Брачный контракт Анрио и Алисы был подписан в большой гостиной замка Комбо. Император, согласно своему обещанию, присутствовал на этой церемонии, прибыв к Лефеврам в сопровождении Дюрока и еще нескольких офицеров свиты.
Алиса, восхитительная в белом туалете, сияла счастьем. Анрио, счастливый не меньше ее, отрывал взоры от своей юной подруги лишь с тем, чтобы бросить взгляд, полный глубокой благодарности, на маршала Лефевра и герцогиню Данцигскую; свежие и добрые лица этой почтенной четы выражали удовольствие при виде состоявшегося наконец союза двоих детей, которые выросли вместе и сон которых баюкала пушечная пальба. Радость жениха усиливалась еще более производством в полковники стрелкового полка. Этот приказ был свадебным подарком императора.
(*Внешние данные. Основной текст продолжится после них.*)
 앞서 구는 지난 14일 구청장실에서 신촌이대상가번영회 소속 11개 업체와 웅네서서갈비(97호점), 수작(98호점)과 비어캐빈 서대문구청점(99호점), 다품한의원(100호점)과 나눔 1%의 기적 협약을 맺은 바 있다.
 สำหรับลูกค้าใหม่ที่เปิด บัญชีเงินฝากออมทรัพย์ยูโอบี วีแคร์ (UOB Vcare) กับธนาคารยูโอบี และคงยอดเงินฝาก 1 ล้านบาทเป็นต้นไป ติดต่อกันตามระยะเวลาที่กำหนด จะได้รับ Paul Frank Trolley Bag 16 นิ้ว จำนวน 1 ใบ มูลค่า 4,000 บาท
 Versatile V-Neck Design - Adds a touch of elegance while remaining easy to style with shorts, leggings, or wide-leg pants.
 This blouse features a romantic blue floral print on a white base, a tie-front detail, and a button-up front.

После церемонии хозяева замка повели молодых обрученных и некоторых избранных гостей в парк; там начались увеселения и народные праздники, которым предстояло продолжаться несколько дней.
За одним из столов, накрытых перед замком на лужайке, где уже сидели и угощались крестьяне, ораторствовал сухопарый, долговязый мужчина, на голову выше всех остальных пирующих, окруженный множеством любопытных голов, склоненных ушей, разинутых ртов. На нем было длинное синее пальто с металлическими пуговицами, аккуратно застегнутое, а на голове треуголка, надетая набекрень. В петлице у него алела красная ленточка. К пуговице пальто была прицеплена большая и толстая трость на кожаном ремешке. Порой он поднимался из-за стола, отцеплял трость и ловко вертел ею вокруг себя, сопровождая это упражнение тремя или четырьмя возгласами: «Да здравствует император! Да здравствует маршал! Да здравствует герцогиня!» Затем, довольный, успокоившийся, великан опять вешал трость на пуговицу, снова садился на свое место за столом и принимался пить, есть и разглагольствовать, служа предметом восхищения для всего люда, составлявшего как бы его двор.
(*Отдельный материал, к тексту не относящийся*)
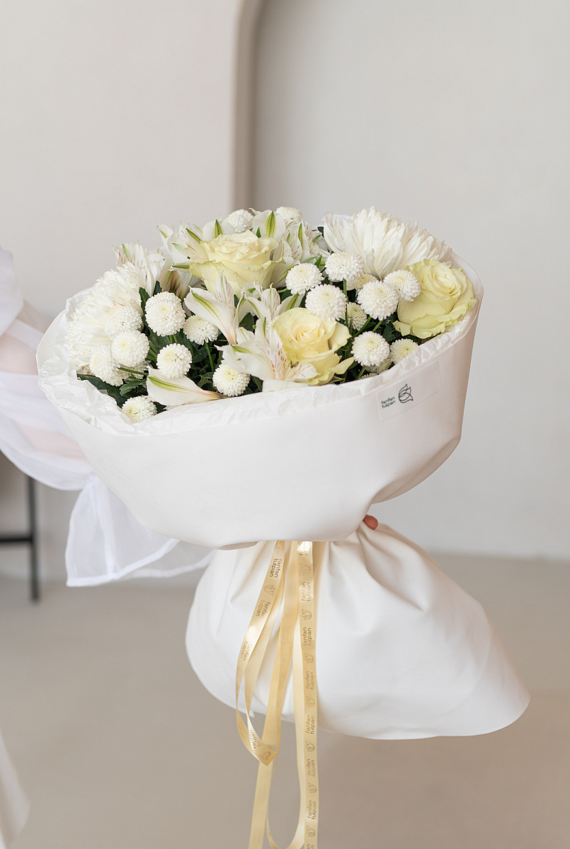 Этот сборный букет — не просто композиция из цветов, а искреннее послание, которое говорит больше, чем любые слова. Тщательно подобранные оттенки и формы создают гармоничное сочетание, способное передать самые тонкие оттенки чувств: от трепетной нежности до глубокого восхищения.
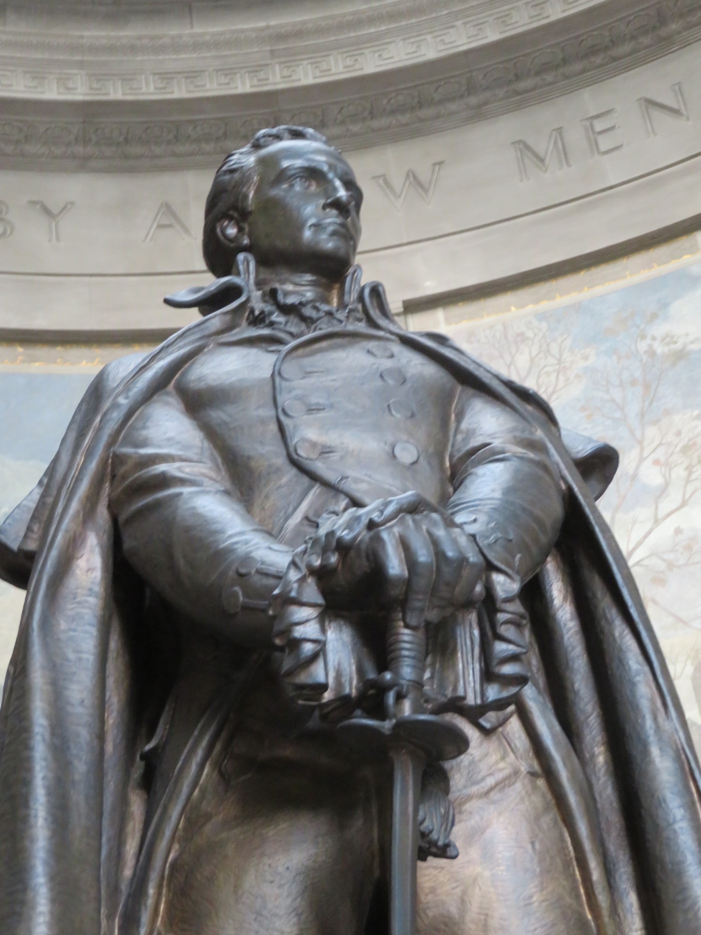 The public-access portion of the monument’s interior is a single rotunda with a 7½-foot statue of Clark standing in the middle, as shown in our lead photo. On the walls are seven murals by painter Ezra Winter depicting events from his Revolution travels in chronological order, each captioned thusly:
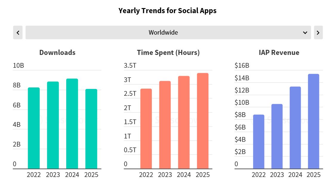 Ao mesmo tempo, as redes sociais reforçaram a aposta na monetização direta. A categoria foi a que mais receita gerou fora dos jogos, com 15 mil milhões de dólares, liderada por TikTok, YouTube e Snapchat, através de modelos que combinam subscrições, conteúdos pagos e compras pontuais.
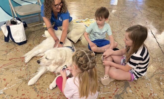 Pets with a Mission Therapy Dogs during this year’s Children’s Book Week at The Woodlands Children’s Museum
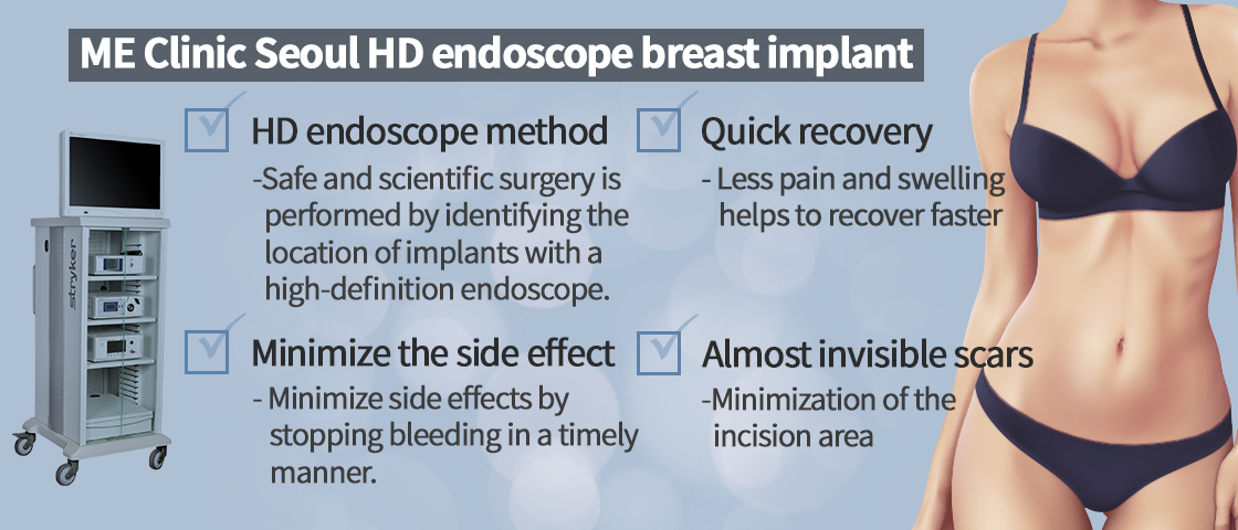 - Infra-mammary incision - most basic approach method with minimum scar of 2~3 cm long. Low pain
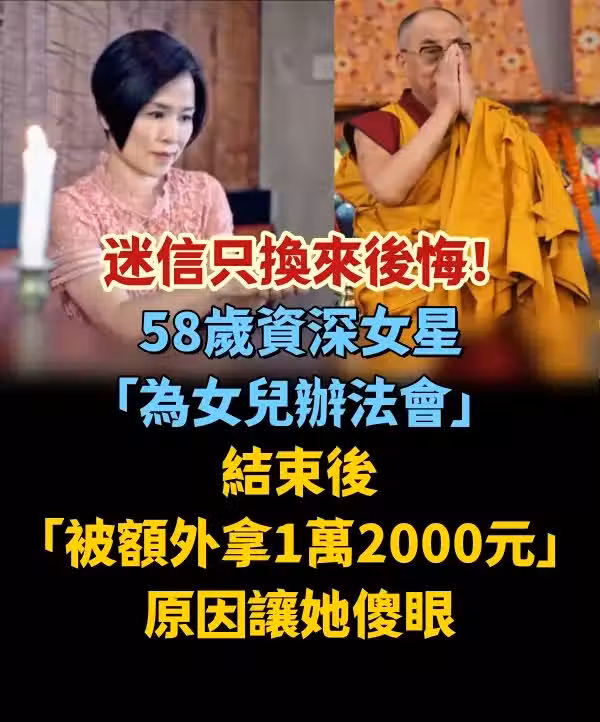 迷信只換來後悔!58歲資深女星「為女兒辦法會」 結束後「被額外拿1萬2000元」原因讓她傻眼

Один из гостей осмелился обратиться к нему с вопросом.
– Итак, значит, господин ла Виолетт, – сказал крестьянин, с изумлением разглядывая одного из героев великой армии, – вы разговаривали там с императором?
– Вот как сейчас с тобой, простофиля! – ответил ла Виолетт, ставший теперь управляющим имением Лефевра.
– А что сказал вам государь, господин ла Виолетт?
– А вот… однажды… он нашел меня в одном месте, где было страх как жарко, несмотря на зимнюю пору. Это было пятнадцатого ноября тысяча семьсот девяносто шестого года; в то время я был моложе пятнадцатью годами, ребята!
– А вы были тогда таким же высоким, господин ла Виолетт?
– Немного повыше, новичок! В то время мы застряли в болотах около Вероны, в Италии. Австрийцы окружали нас; им хотелось, чтобы мы угостили своей кровью болотных пиявок. Альвинзи, австриец, ожидал только подкрепления в сорок тысяч человек, чтобы напасть на нас. Ну и что же сделал тогда генерал?
– Наполеон? Не так ли?
– Да, генерал Бонапарт, сделавшийся нашим императором. Генерал сказал нам тогда: «Ребята, численность не на нашей стороне, надо прибегнуть к хитрости. Все эти болота перерезаны шоссейными дорогами, где колонна энергичных людей может оказать сопротивление и пройти. Неприятель, гораздо более сильный, чем мы, теряет преимущество в численности и будет вынужден сжаться вместо того, чтобы развернуть свои батальоны. Вступим на эти скверные дороги. Видите вон ту деревню? Она называется Арколе, Я хочу там позавтракать. Вперед, ребята!» И мы двинулись…
– Арколе? Никак, там был мост? – спросил один из соседей ла Виолетта.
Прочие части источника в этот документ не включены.